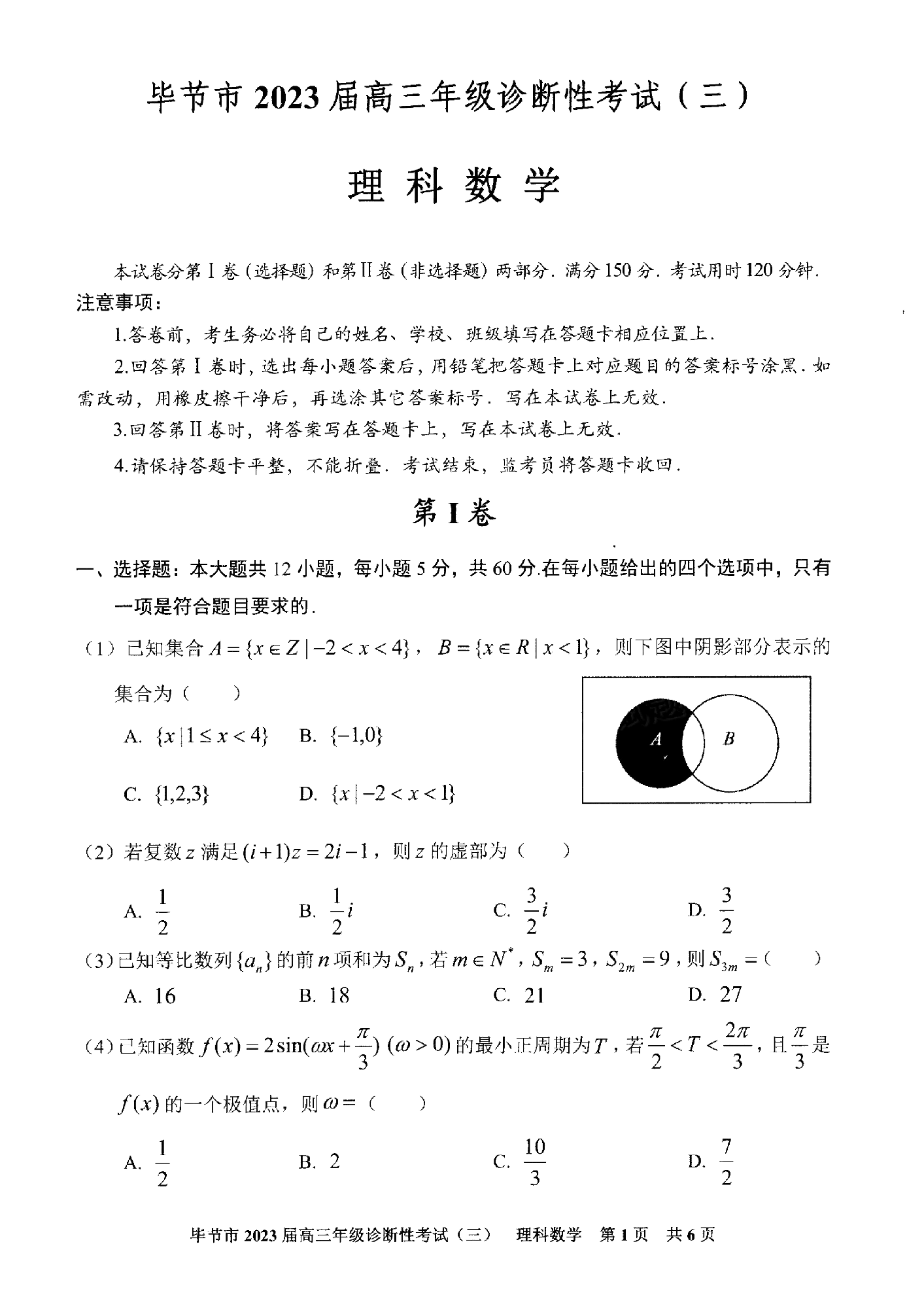 高三理数--贵州省毕节市2023届高三诊断性考试(三)(毕节三诊)
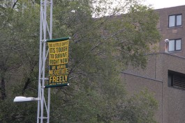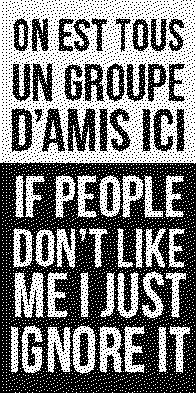 The banners were originally exhibited as part of ESPACE COMMUN. FAIR ISLE MARKERS is one of a series of works , collectively entitled - "On est tous un groupe d’amis ici” (We are all friends here) - created with MTL artist Marilene Gaudet, that also audio interviews, interactive installation, and a stop motion knitted animation.
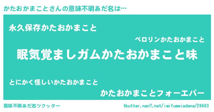 | ヘコむあだ名 | 『かたおかまこと(小並感)』『酢こんぶ』 |
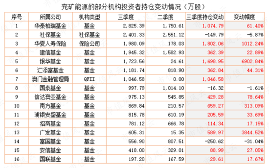 华泰柏瑞基金在、华夏人寿保险、银华基金、南方基金等机构在三季度加仓兖矿能源较多。
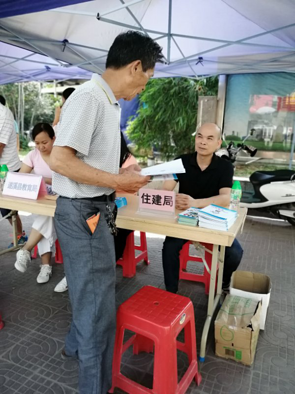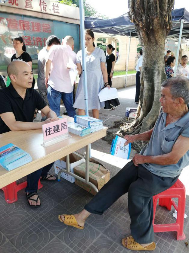 县住建局组织广大职工干部在全丰中央广场摆摊宣传扫黑除恶、创文、生活垃圾分类处理、建筑施工、燃气安全等方面法律法规宣传和接受群众咨询,配合县创文办、文明办、残联、生态环境局、应急局等单位开展“助残一条街”、“6.5世界环境日”、“安全生产月”宣传活动。县住建局依托摊位,以资料发放形式向民众普及扫黑除恶十类重点打击对象、“26问”、创建广东省文明城市、建筑施工安全、燃气安全等知识,服务民众、寓教于乐,现场服务群众2500人左右,现场发放资料约3500份。通过与市民互动,活跃了气氛,赢得市民积极参与和广泛好评。
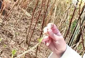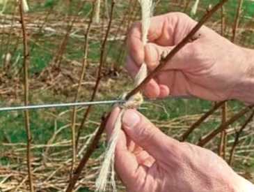 Якщо ви по осені пов'язували гілки та пригинали їх до землі, спочатку розв'яжіть гілки, щоб вони повернулися у вихідне вертикальне положення. А потім зробіть гнучким гілкам підпорки та підв'язку. Інакше від тяжкості ягід та листя вони схиляться до землі.
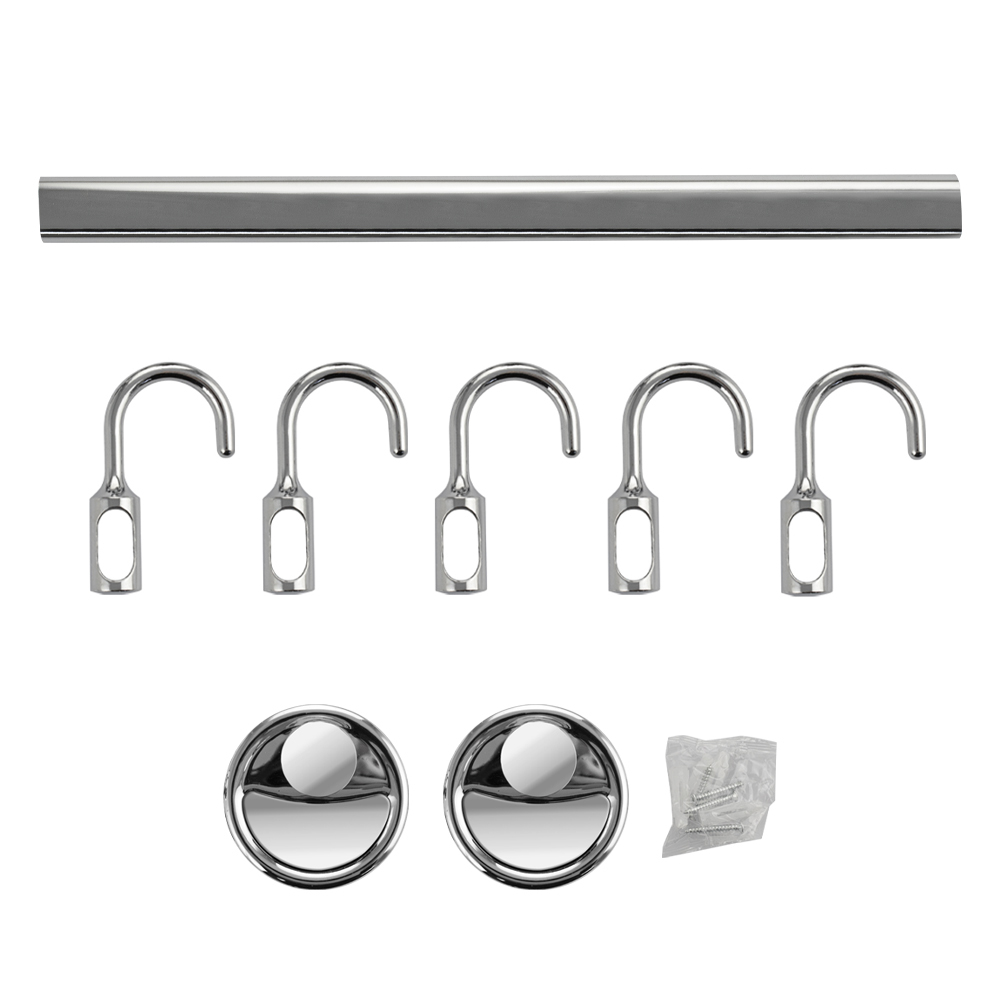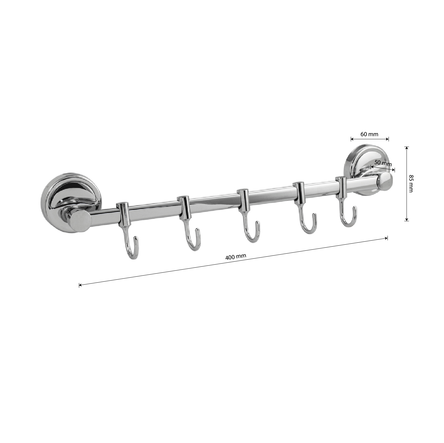 Держатель для полотенец металлический, хромированный, с пятью подвижными крючками. Материал изготовления — ЦАМ (цинк-алюминий-медь). Хромированное покрытие очень стойко переносит истирания и обеспечивает зеркальный блеск изделия. На держателе с легкостью можно размещать вещи для сушки или вешать, как полотенца, так и одежду перед походом в душ. Идеально подойдет не только для ванной, но и для кухни, а также для дачи или гаража - при необходимости на держатель можно вешать любые предметы. Изделие крепится к стене с помощью дюбелей и саморезов (входят в комплект). Габаритные размеры: длина 400 мм, высота 85 мм, глубина 50 мм, основание 60 мм. Вес - 0,400 кг, объём - 0,00096 м3.

==============================

Beginning with the first line of the records and ending with the line that contains "ヘコむあだ名 | 『かたおかまこと(小並感)』『酢こんぶ』 |", reproduce every line exactly, omitting pictures and adding nothing.

• Response to this task:
 高三理数--贵州省毕节市2023届高三诊断性考试(三)(毕节三诊)
 The banners were originally exhibited as part of ESPACE COMMUN. FAIR ISLE MARKERS is one of a series of works , collectively entitled - "On est tous un groupe d’amis ici” (We are all friends here) - created with MTL artist Marilene Gaudet, that also audio interviews, interactive installation, and a stop motion knitted animation.
 | ヘコむあだ名 | 『かたおかまこと(小並感)』『酢こんぶ』 |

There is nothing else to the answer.